Dibawa ke Paripurna, IDI dan 4 Organisasi Profesi Kesehatan Tetap Tolak RUU Kesehatan
Ketua Umum Pengurus Besar Ikatan Dokter Indonesia (PB IDI) Moh. Adib Khumaidi menuturkan pihaknya tetap menolak RUU Kesehatan disahkan menjadi UU.
Penulis: Rina Ayu Panca Rini
Editor: Malvyandie Haryadi
Laporan Wartawan Tribunnews.com, Rina Ayu
TRIBUNNEWS.COM, JAKARTA - Rancangan Undang-Undang (RUU) Kesehatan akan dilanjutkan dalam pembahasan Tingkat II (dua) atau rapat paripurna yang dijadwalkan hari ini, Selasa (20/6/2023).

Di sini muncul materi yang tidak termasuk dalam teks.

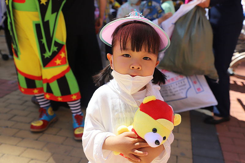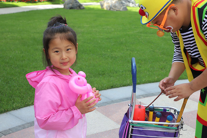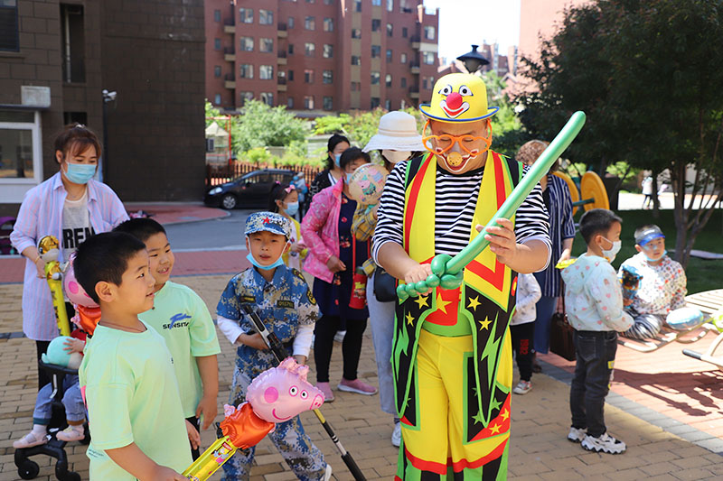 在小區(qū)內(nèi),天格物業(yè)的員工化身小丑。親手為每一位小朋友送上兒童節(jié)禮品,并送上祝?!白K行∨笥压?jié)日快樂”
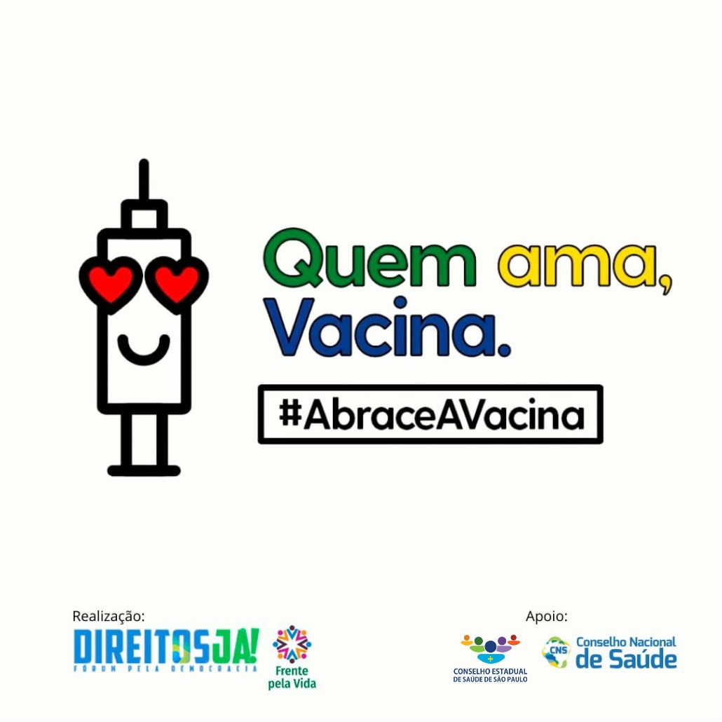 “Abrace a Vacina” é o mote da campanha lançada pela Frente pela Vida e pelo Direitos Já! Fórum pela Democracia, com o objetivo de incentivar a população a se vacinar contra o novo Coronavírus. A Comissão de Comunicação, Informação e Educação Permanente dos Conselheiros e Instituições da Sociedade Civil Organizada acompanhou e divulgou a “live” de lançamento bem como as artes e hashtags da campanha nas redes sociais.
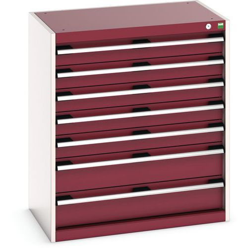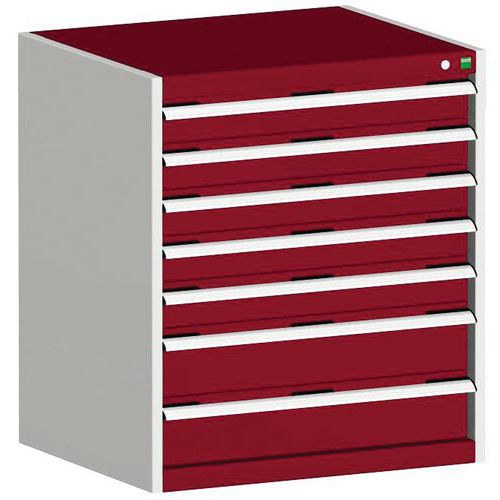 Warsztatowa szafka z szufladami Bott Cubio, 90 x 80 x 52,5 cm, 7 szuflad, szaro-czerwona

Ketua Umum Pengurus Besar Ikatan Dokter Indonesia (PB IDI) Moh. Adib Khumaidi menuturkan pihaknya tetap menolak RUU Kesehatan disahkan menjadi UU.

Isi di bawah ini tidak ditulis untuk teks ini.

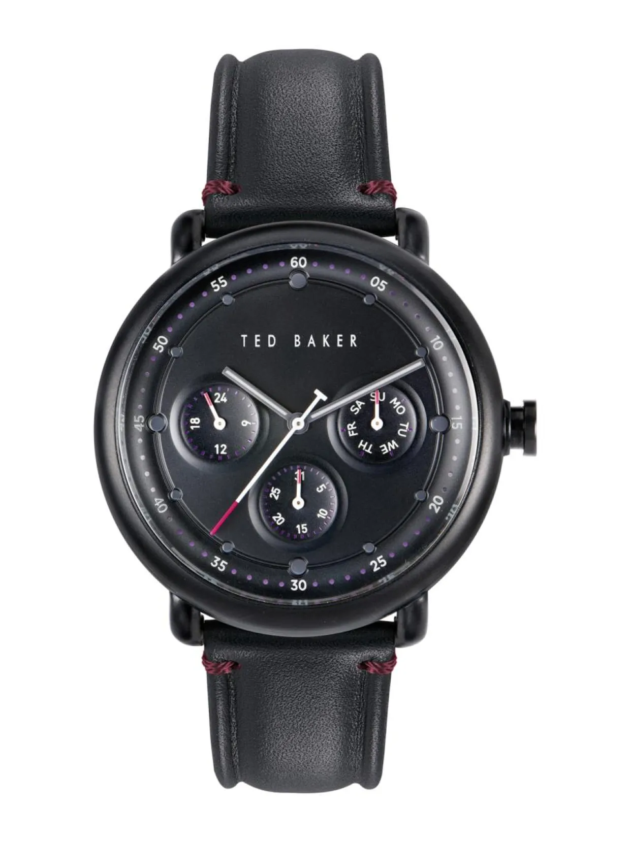 Ted Baker IvyBrid 43mm rannekello tuo sporttisen lisän asukokonaisuuteen. Kellon musta runko on valmistettu ruostumattomasta teräksestä. Sen leveys on 43mm ja paksuus on 12mm. Rannekkeena tässä mallissa on musta nahkaranneke. Mustassa kellotaulussa on 24 tunnin näyttö sekä pienemmät näytöt viikonpäiville ja päivämäärille. Kellossa on mineraalilasi ja kvartsikoneisto. Kellon vesitiiviys on 5ATM. Ted Baker kelloilla on 2 vuoden takuu.
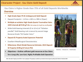 Fifteen drill holes were completed over a 700-metre-long corridor, which coincides with an Induced Polarization ("IP") chargeability high and a resistivity low, south of Clovis Lake. This anomaly occurs within felsic volcaniclastic rocks containing graphite and pyrrhotite, flanked by mafic volcanic rocks and quartz-feldspar porphyry. Anomalous gold ranging from 0.20 to 17.8 grams per tonne gold (g/t Au) was intersected in 13 of 15 drill holes over intervals from 0.5 to 16.0 metres. Drill hole 538 intersected a 6.5-metre-wide interval of altered mafic volcanic rock, which assayed 1.72 g/t Au, including a 0.5-metre-wide quartz-tourmaline vein grading 17.8 g/t Au. 21 intercepts exceed current potential open pit cut-off grades at Eau Claire, while seven exceed current potential underground cut-off grades (NR Oct 11, 2012), with intervals ranging from 14.15 g/t over one metre to 17.80 g/t over a half metre (see website for drill plan and table).
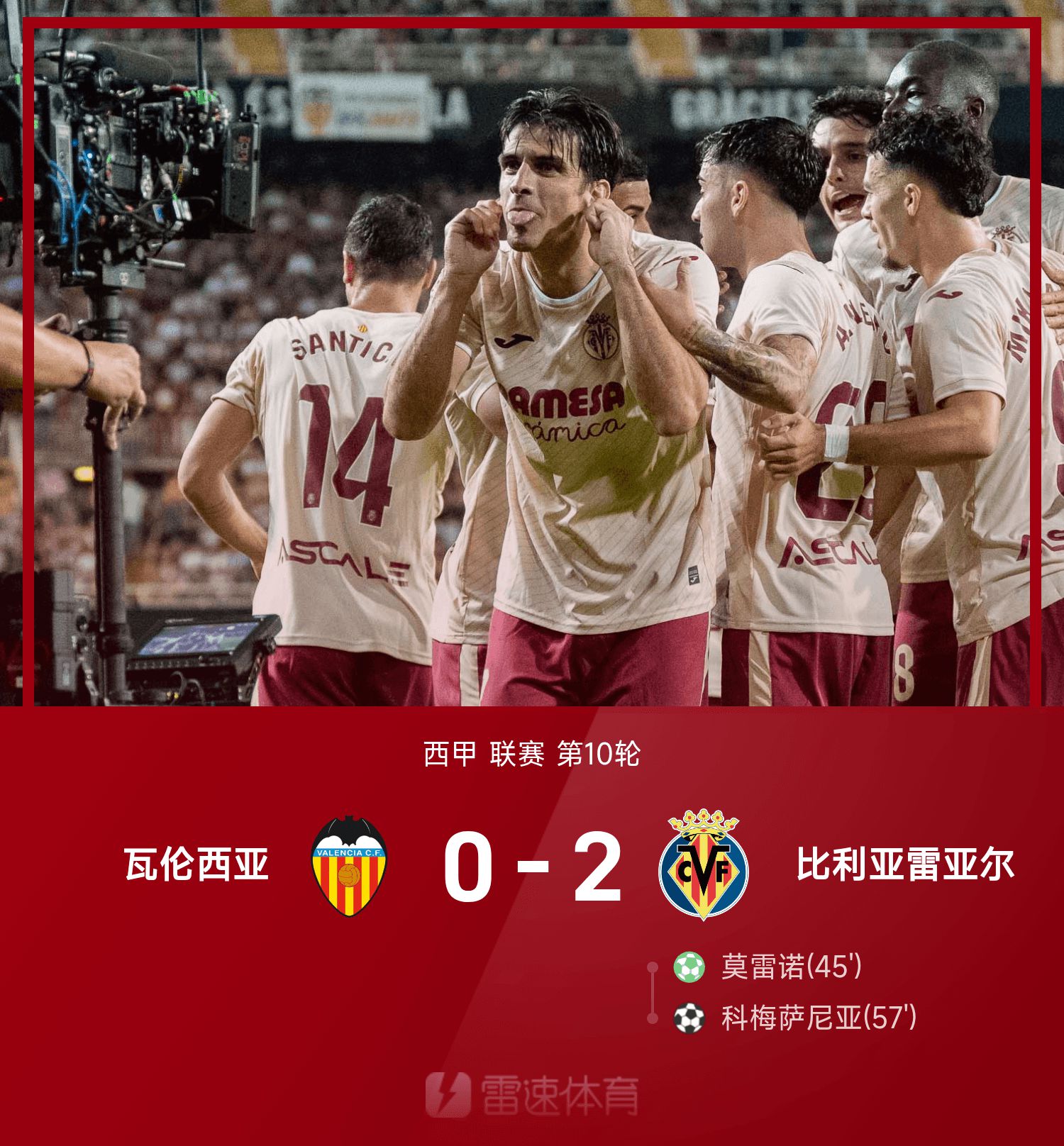 6686體育10月26日訊 25/26賽季西甲聯賽第10輪,比利亞擊敗雷亞爾2-0005-000天瓦倫西亞。第45分鐘,莫雷諾造點並親自主罰命中,300場里程碑破門;第57分鐘,科梅薩尼亞跟進射門破門鎖定勝局。
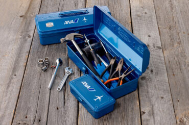 ANAと東洋スチールがコラボしたツールボックスに、ANAのロゴと機体をプリントした注目アイテムが登場しました。ANAの見学ツアー参加者のみが購入できるツールボックスをアレンジし、今回、待望の一般販売がスタート。ANAの旧ロゴをデザインしたステッカーが付属する特別セットも用意されています。
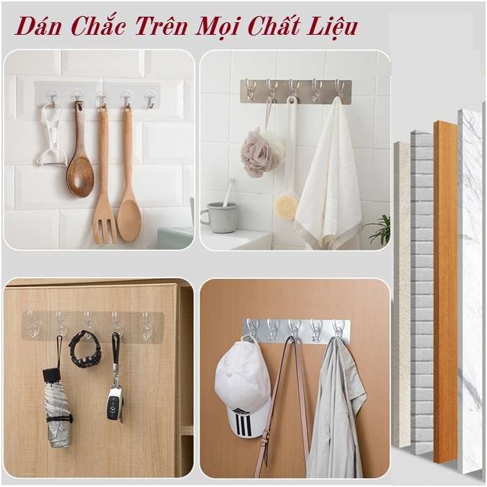 THANH MÓC DÍNH TƯỜNG ĐA NĂNG 6 MÓC DÙNG NHÀ TẮM, NHÀ BẾP
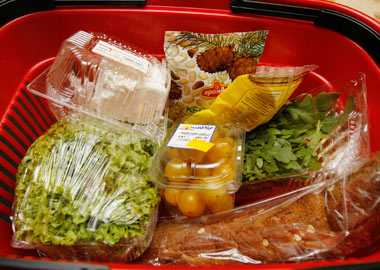 – Для салата нужны только натуральные ингредиенты, – Игорь учит Алену премудростям здорового питания. – Возьмем салат «Лоло Биондо» (23,92 грн. за 300 г), салат «Рукола» (14,01 грн. за 90 г), мелкие кедровые орешки (16 грн. за 70 г) желтые помидорчики (13 грн. за 250 г), желтый перчик (12,99 грн. за три штуки) и сыр «Маздамер» (11,60 грн. за 200 г). Все это посыпаем тертым «Пармезаном» (15,88 грн. за 100 г) и зальем оливковым маслом (22,78 грн. за 200 г). А на закуску – багет с зернышками (6,78 грн.) В итоге вышло – 136,96 грн.!
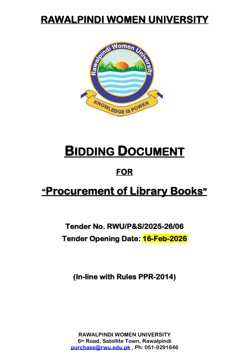 January 29, 2026 2026-01-29 15:36Tender of Procurement of Library Books

"Kami telah memberikan masukan bahwa untuk penanganan masalah kesehatan yang ada dan mendatang tidak perlu membuat Undang-Undang baru," kata dia
dalam konferensi pers, Senin (20/6/2023).
Selain itu, 5 OP menilai keluhan pemerintah mengenai permasalahan kesehatan yang ada seharusnya dijawab dengan penegasan pelaksanaan Undang-Undang yang sudah ada, bukannya dengan RUU Kesehatan.
Berikut sorotan dari 5 op terkait RUU Kesehatan.
Pertama, proses rancangan yang tidak demokratis dan tidak melibatkan partisipasi stakeholder kesehatan secara bermakna.
Kedua, banyaknya jumlah regulasi ternyata tak berbanding lurus dengan kemampuan regulasi itu menyelesaikan berbagai persoalan.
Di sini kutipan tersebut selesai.